List of gradio.components to use as outputs. If the function returns no outputs, this should be an empty list.

api_name

str | None | Literal[False]

default: None

defines how the endpoint appears in the API docs. Can be a string, None, or False. If set to a string, the endpoint will be exposed in the API docs with the given name. If None (default), the name of the function will be used as the API endpoint. If False, the endpoint will not be exposed in the API docs and downstream apps (including those that gr.load this app) will not be able to use this event.

scroll_to_output

bool

default: False

If True, will scroll to output component on completion

show_progress

Literal[('full', 'minimal', 'hidden')]

default: "full"

If True, will show progress animation while pending

queue

bool | None

default: None

If True, will place the request on the queue, if the queue has been enabled. If False, will not put this event on the queue, even if the queue has been enabled. If None, will use the queue setting of the gradio app.

batch

bool

default: False

If True, then the function should process a batch of inputs, meaning that it should accept a list of input values for each parameter. The lists should be of equal length (and be up to length max_batch_size). The function is then required to return a tuple of lists (even if there is only 1 output component), with each list in the tuple corresponding to one output component.

max_batch_size

int

default: 4

Maximum number of inputs to batch together if this is called from the queue (only relevant if batch=True)

preprocess

bool

default: True

If False, will not run preprocessing of component data before running 'fn' (e.g. leaving it as a base64 string if this method is called with the Image component).

postprocess

bool

default: True

If False, will not run postprocessing of component data before returning 'fn' output to the browser.

cancels

dict[str, Any] | list[dict[str, Any]] | None

default: None

A list of other events to cancel when this listener is triggered. For example, setting cancels=[click_event] will cancel the click_event, where click_event is the return value of another components .click method. Functions that have not yet run (or generators that are iterating) will be cancelled, but functions that are currently running will be allowed to finish.

every

float | None

default: None

Run this event 'every' number of seconds while the client connection is open. Interpreted in seconds.

trigger_mode

Literal[('once', 'multiple', 'always_last')] | None

default: None

If "once" (default for all events except .change()) would not allow any submissions while an event is pending. If set to "multiple", unlimited submissions are allowed while pending, and "always_last" (default for .change() and .key_up() events) would allow a second submission after the pending event is complete.

js

str | None

default: None

Optional frontend js method to run before running 'fn'. Input arguments for js method are values of 'inputs' and 'outputs', return should be a list of values for output components.

concurrency_limit

int | None | Literal['default']

default: "default"

If set, this is the maximum number of this event that can be running simultaneously.

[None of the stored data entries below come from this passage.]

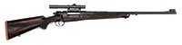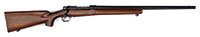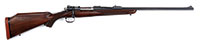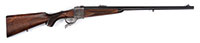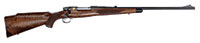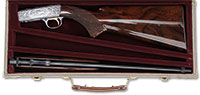 SN 166PW01050. Cal. 22. Wonderful little rifle with 22″ rnd bbl, 2/3 magazine and orig sights. Receiver is coin finished with grooved top. Mounted with very highly figured, flame grain European walnut with fine hand rubbed oil finish. Forearm is ribbed bullet shape with checkered rnd knob stock that has smooth steel buttplate. Receiver is beautifully engraved and signed “J. BAERTEN”. Receiver is engraved with the large vignette of a fox carrying a pheasant in a forest scene on the left side and a bird dog on point in a field scene on right side. Both vignettes are surrounded by fine intertwined foliate arabesque patterns with fine shaded background. Top edges of receiver and stock portion of receiver are engraved to match as are the trigger guard and floor plate. Floor plate has a small oval engraved “50 / 60”. Takedown screw head is engraved to match. Accompanied by its orig burgundy canvas & leather, ultra-suede lined trunk case and its orig cardboard shipping box that, unfortunately, has been cut into two pieces. End label with matching SN is intact. Obviously only 60 of these rifles were produced which were all purchased by Browning collectors when they were first offered and are almost never offered on the open market. CONDITION: New & unfired. Bbl & magazine tube retain all of their brilliant orig blue; receiver, trigger guard & slide bar retain all of their bright coin finish and buttplate all of its satin blue finish. Wood is sound with no visible flaws and retains about all of its orig hand rubbed oil finish. Mechanics are crisp, brilliant shiny bore. Trunk case is equally new. Box, as noted, was cut into two pieces and has old tape repairs. End label is intact. 4-56147 (3,250-5,250) – Lot 2636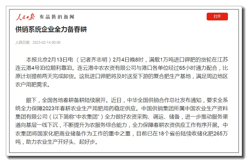 【人民日報(bào)客戶端】供銷系統(tǒng)企業(yè)全力備春耕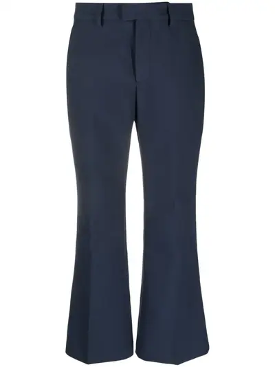 indigo blue wide leg mid-rise belt loops off-centre front fastening two side inset pockets rear jetted pocket cropped leg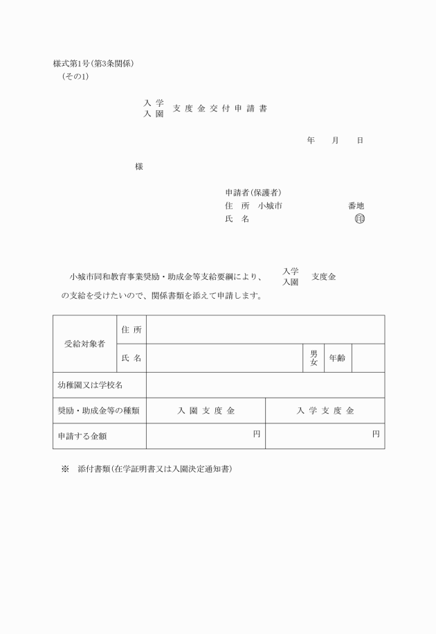 入園支度金 | 就園時の支度費 | 学校教育法(昭和22年法律第26号)第80条及び小城市立幼稚園の管理及び運営に関する規則(平成17年小城市教育委員会規則第15号)によって入園した者 | 新入園者20,000円 | 新入園1回に限る。 |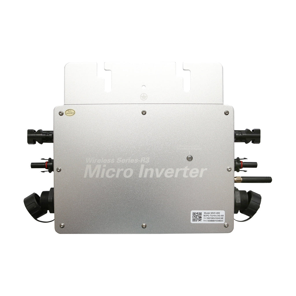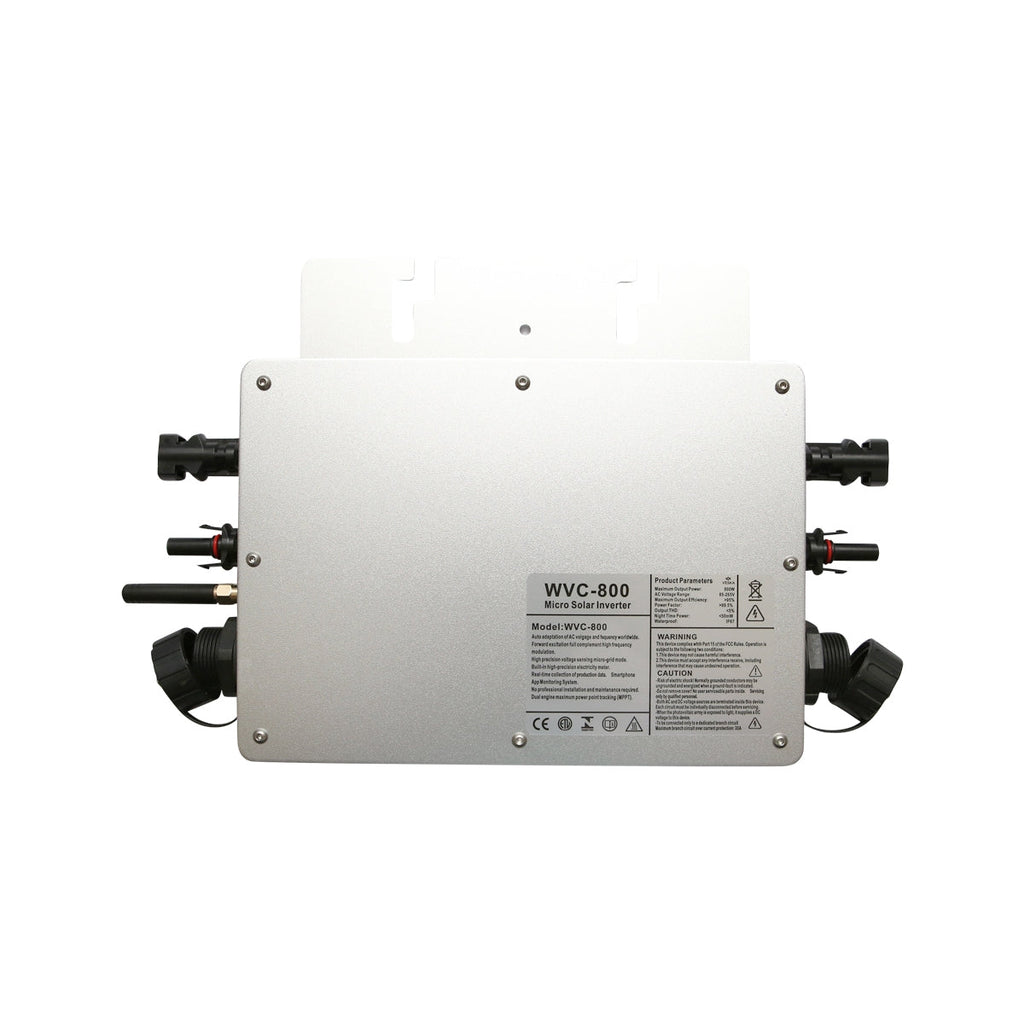 Този микроинвертор за фотоволтаични слънчеви панели 800W, 230V, WiFi, IP65, MPPT е с размери 283 x 200 x 42 мм, тежи 1,46 кг, комуникира чрез Wi-Fi и препоръчва използването на 2 x 500 W соларни панели.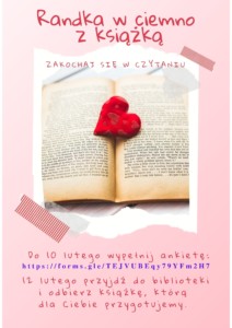 12 lutego z okazji walentynek biblioteka szkolna zorganizowała Randkę w ciemno z książką. Chętni uczniowie oraz nauczyciele, po wcześniejszym uzupełnieniu profilu czytelnika, otrzymali specjalnie dobrane do ich zainteresowań książki.

Can be set to None to mean no concurrency_limit (any number of this event can be running simultaneously). Set to "default" to use the default concurrency limit (defined by the default_concurrency_limit parameter in Blocks.queue(), which itself is 1 by default).

concurrency_id

str | None

default: None

If set, this is the id of the concurrency group. Events with the same concurrency_id will be limited by the lowest set concurrency_limit.

show_api

bool

default: True

whether to show this event in the "view API" page of the Gradio app, or in the ".view_api()" method of the Gradio clients. Unlike setting api_name to False, setting show_api to False will still allow downstream apps as well as the Clients to use this event. If fn is None, show_api will automatically be set to False.